» **TASK**: What is needed is the exact text of each line in the listing below from the one with "Sukienka z Wiązaniem Kimono Czekoladowa" up to and including the one with "This is a Gucci", and no pictures.

» **DATASET EXTRACT**:
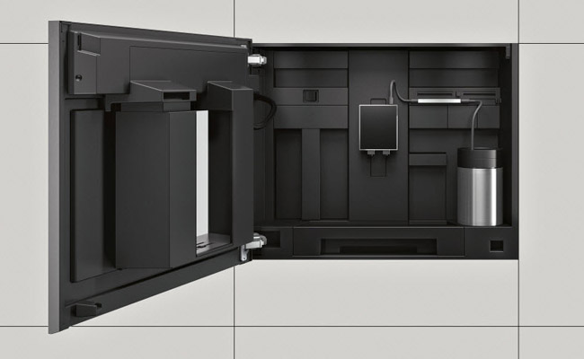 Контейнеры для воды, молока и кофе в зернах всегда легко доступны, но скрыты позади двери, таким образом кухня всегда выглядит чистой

---

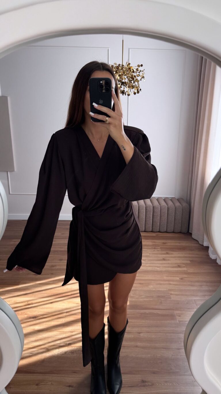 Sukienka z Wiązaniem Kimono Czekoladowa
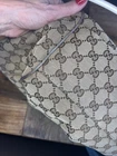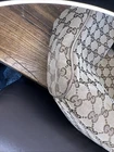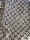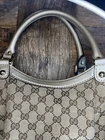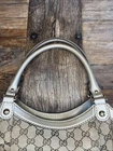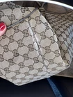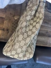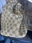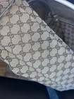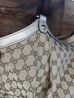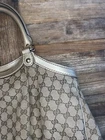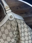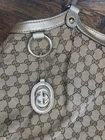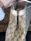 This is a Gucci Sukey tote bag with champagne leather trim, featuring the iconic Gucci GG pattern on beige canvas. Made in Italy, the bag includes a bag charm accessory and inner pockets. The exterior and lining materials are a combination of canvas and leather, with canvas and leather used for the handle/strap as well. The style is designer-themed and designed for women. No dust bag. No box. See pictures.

» **SOLUTION TO THE EXERCISE**:
 Sukienka z Wiązaniem Kimono Czekoladowa
 This is a Gucci Sukey tote bag with champagne leather trim, featuring the iconic Gucci GG pattern on beige canvas. Made in Italy, the bag includes a bag charm accessory and inner pockets. The exterior and lining materials are a combination of canvas and leather, with canvas and leather used for the handle/strap as well. The style is designer-themed and designed for women. No dust bag. No box. See pictures.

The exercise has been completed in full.